Greg Lewis and Abby Lesniak were sitting on the sofa, snuggled against each other. They didn’t seem to have noticed anything that was going on.
“She’s my mother,” Cassidy said. “And I’m not going to let her spend the rest of her life in prison.”
That made even less sense than the murderers I’ve gotten used to over the years, which is a sentence most people will never say. Sometimes I envy most people.
“So when Richard was closing in on Adrian as the woman who killed Keith Johnson, you decided—or did your mother ask you—to steal a hotel iron and murder him?” I was confronting Cassidy directly. “Couldn’t you just fire the lawyer?”
“It just can’t be,” Richard repeated to no one in particular.
“My stepfather wouldn’t allow that,” Cassidy said. “He’d left instructions to hire that guy if there was any trouble. He thought it would be about the money that was getting bounced around, but it turned out to be him getting drowned by his own wife in a bathtub.”
“Why was Mr. Johnson funneling money to you?” Melissa asked Cassidy. “I didn’t think he liked you very much.”
“I don’t,” Keith Johnson said. Nobody paid attention to that either.
“Blackmail,” I guessed. “Cassidy wanted to get Keith out of her mother’s life and knew something about him or his business. She tried to use it for leverage, and Keith, assuming everyone had a price, just sent money her way. But it didn’t work.”
“Stupid girl,” Keith said.
“Enough of this,” C
assidy said. She pointed the barrel of the gun at Josh. “Get out of the way.”

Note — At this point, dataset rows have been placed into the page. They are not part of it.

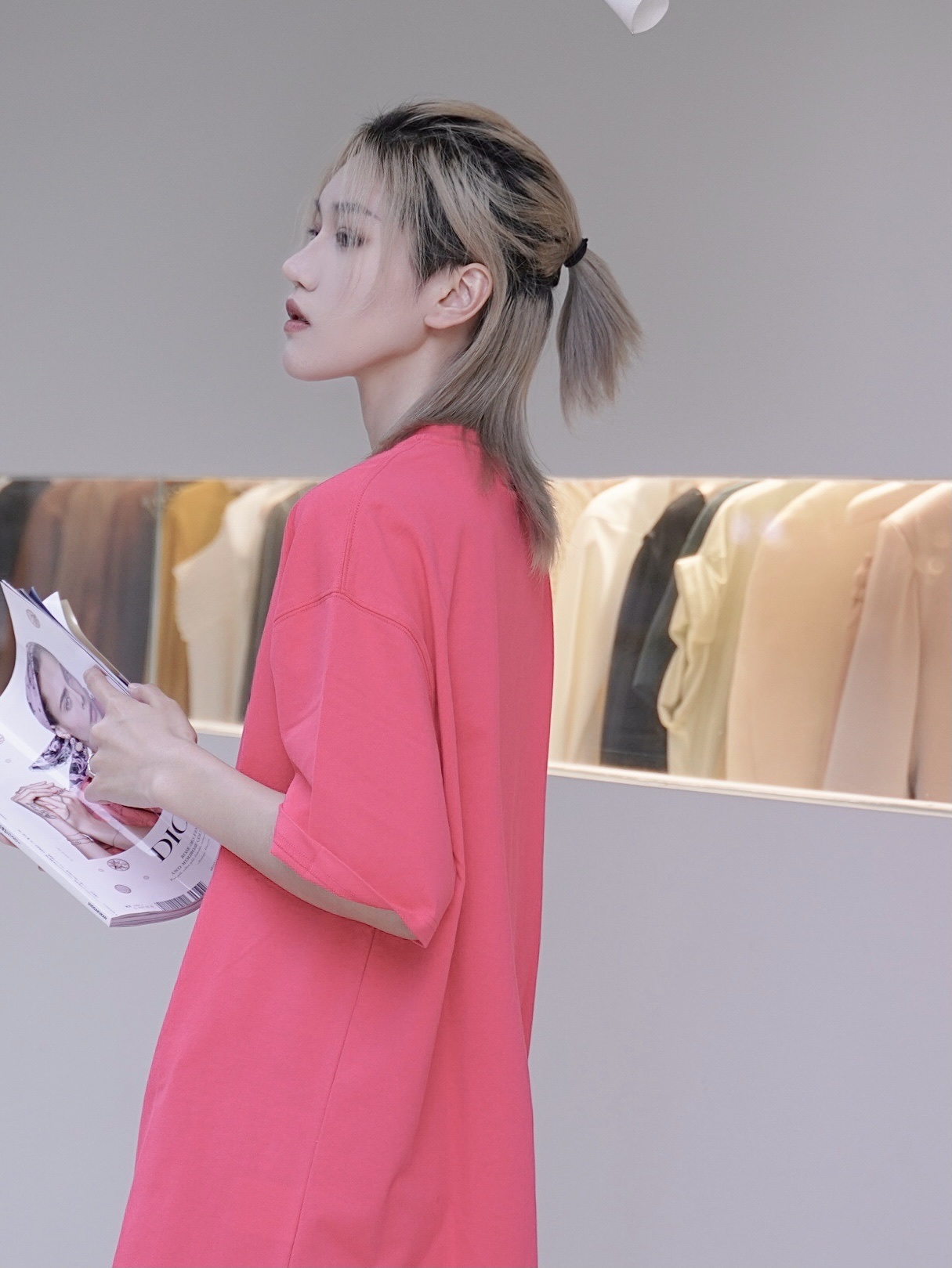 极富青春色彩的一款T恤,艳丽的玫红色衣身,张扬且不失活力感,从而将穿搭时的沉闷一扫而空。
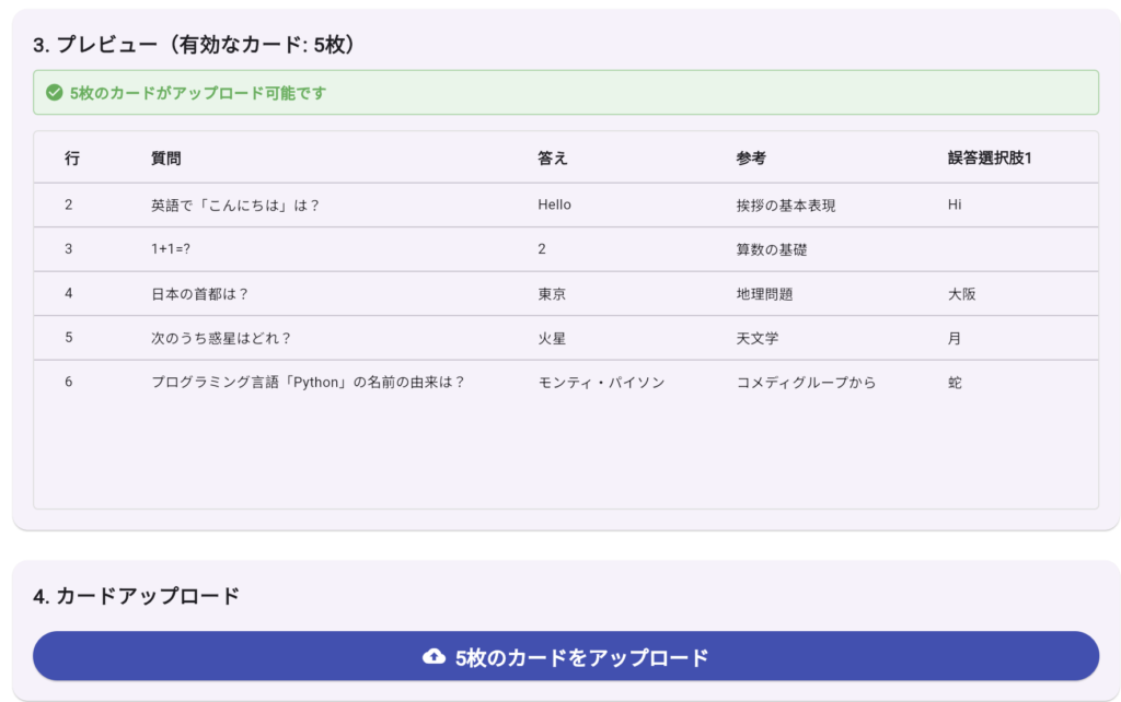 CSV、貼り付けでカードを一括作成
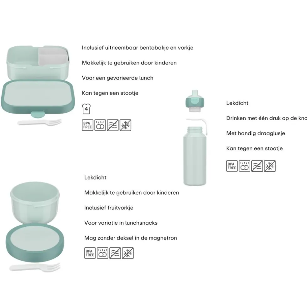 De Campus producten van Mepal zijn ideaal om mee te nemen naar school, in de speeltuin, op de crèche en tijdens een dagje uit. Een stoere broodtrommel met bento bakje voor je favoriete snacks. De drinkbekers sluiten lekvrij af en zijn ook door kinderhandjes makkelijk te openen. En de pop-up drinkfles, druk en drink, dat is het principe! De isoleerfles flip-up zorgt voor een koel drankje en een coole uitstraling op het schoolplein. En wil je een gezonde snack meenemen, kies dan voor de fruitbox met handig vorkje. De deksel sluit perfect af, maar is ook door kinderhandjes makkelijk te openen. Alle Mepal Campus producten zijn in diverse kleuren en prints te verkrijgen. Voor ieder kind een bijpassende lunchset mee naar school!
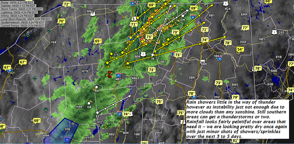 TONIGHT: Evening showers and isolated thunderstorms, some locally heavy exiting by late evening. Otherwise partial clearing and moonlit with patchy valley fog. A low near 50. Light northwest winds.
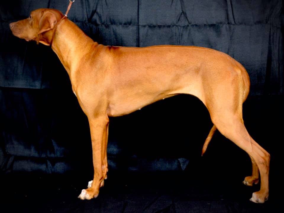 Rhodesian Ridgeback bitch; @12 mo old, 25.5″ at the shoulders, 70 lbs
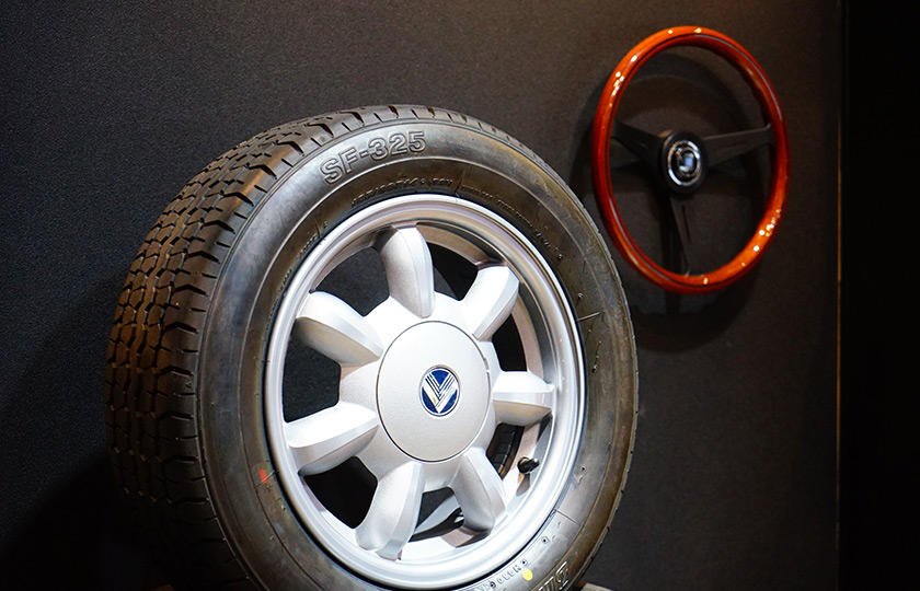 マツダさんのブースでは、初代ロードスターの新車装着タイヤ「SF325」の復刻タイヤを展示中です。当時開発を担当していたマツダさんとブリヂストンのエンジニアが力を合わせて、レストア用に蘇らせたタイヤです。
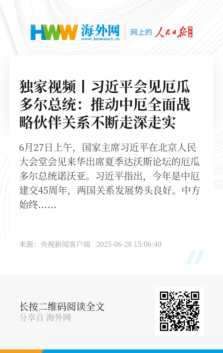 6月27日上午,国家主席习近平在北京人民大会堂会见来华出席夏季达沃斯论坛的厄瓜多尔总统诺沃亚。
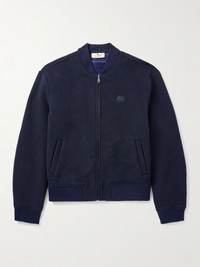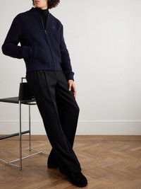 Logo-Embroidered Wool-Blend Bomber Jacket Blue
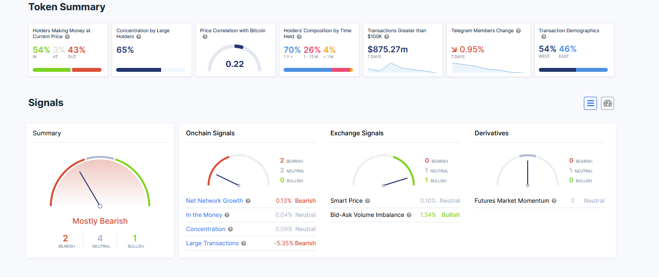 По данным ITB, токен упал на 76,1% за последние 12 месяцев, при этом только 14% ходлеров в плюсе, 4% находятся в зоне безубыточности и 82% в минусе.
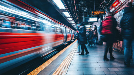 passengers at subway station with blurred train passing, a snapshot of fast-paced city transport.
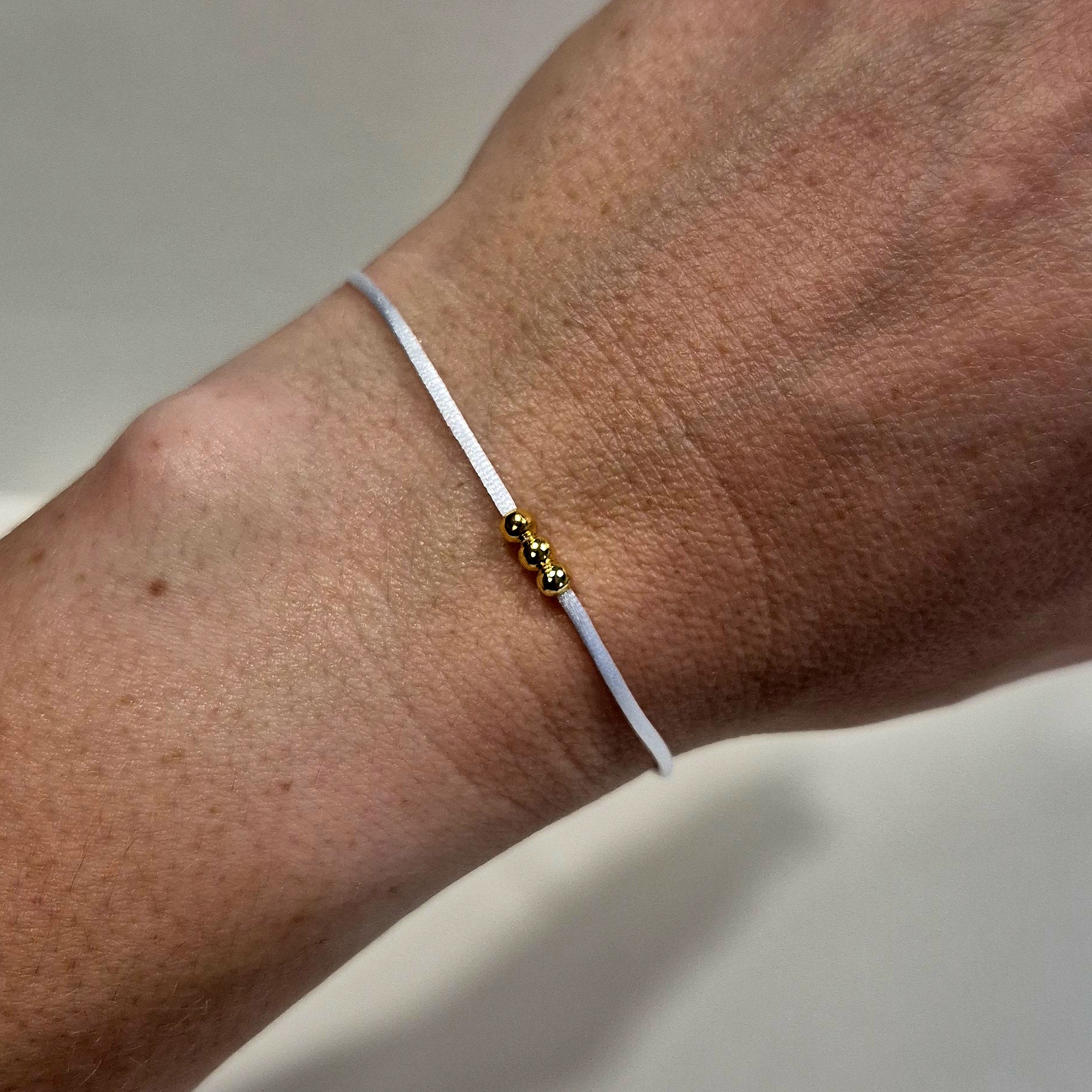 ✨ Bílý šňůrkový náramek se zlatými korálky ✨
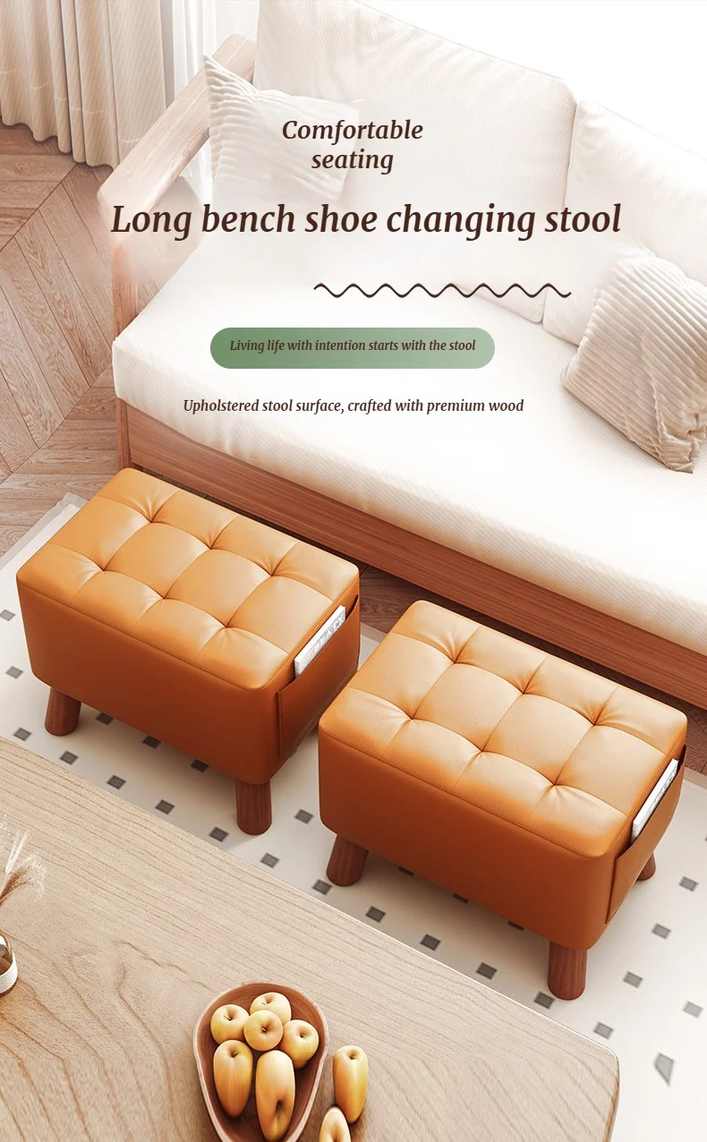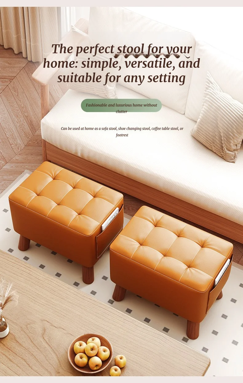Estos pequeños zapatos de cuero para el hogar se combinan con un diseño minimalista y elegante. Ob als Sofa-Begleiter, Couchtischhocker, Fußablage oder zusätzliche Sitzgelegenheit – este moderno Wohnhocker fügt sich harmonisch in zeitgemäße Einrichtungen ein und verleiht Ihrem Zuhause eine dezente Note von Light-Luxury-Eleganz.

“No,” my husband said, but I was already trying to push in front of him. I’d spent too long looking for a good man and had gone through a Swine to get to him. The last thing I’d do—perhaps literally—was let him get shot.
“I need that voice recorder,” Cassidy said louder.
“And the laptop,” Vanessa DiSica said, pointing. “That’s what had your picture on it.”
Cassidy turned. “What?” she asked.
Josh moved quickly toward her, but Cassidy was just as fast at pivoting and training the pistol on him again. “Don’t.” Josh stopped after taking one step.
“If you’re going to jail and you’re sure you’ll get caught, why bother to shoot anyone here?” My daughter, sensible budding teenager that she is, was trying to reason with the homicidal maniac; it was almost cute. “Just confess to the murders and go to jail. You didn’t have to kill anyone else.”
“Because there’s always the chance of being acquitted, a mistrial, or multiple appeals,” Richard said quietly. “No sense in confessing and being sentenced when she could stay out of jail for years, if not decades.”
“Look, Everett’s holding this guy’s arms, but somebody should be able to clobber the girl with the gun,” Maxie said. “None of the other nut jobs have a weapon.”
“I’m still holding him too,” Paul noted.
“I’ll look for something,” Dad told them. “I might have a bigger pipe wrench in the basement.” He was through the floor before I could tell him he already had a wrench and that I’d moved the bigger pipe wrench into the kitchen to do a repair under the sink.
That seemed to leave things to Everett, who looked at Maxie. “I might be able to hold her for a moment, but I don’t know that I can keep a grip that long,” he said.
“Don’t hold her; hit her!” his wife told him.
But Cassidy and her family, of course, heard none of this. She sneered at Melissa—which is a punishable offense in my judicial code all by itself—and shook her head seemingly in wonder at the ridiculous suggestion that had been made. “Everyone here heard what was said about my mother,” she told Liss. “They’ll testify to it, and she will be charged.”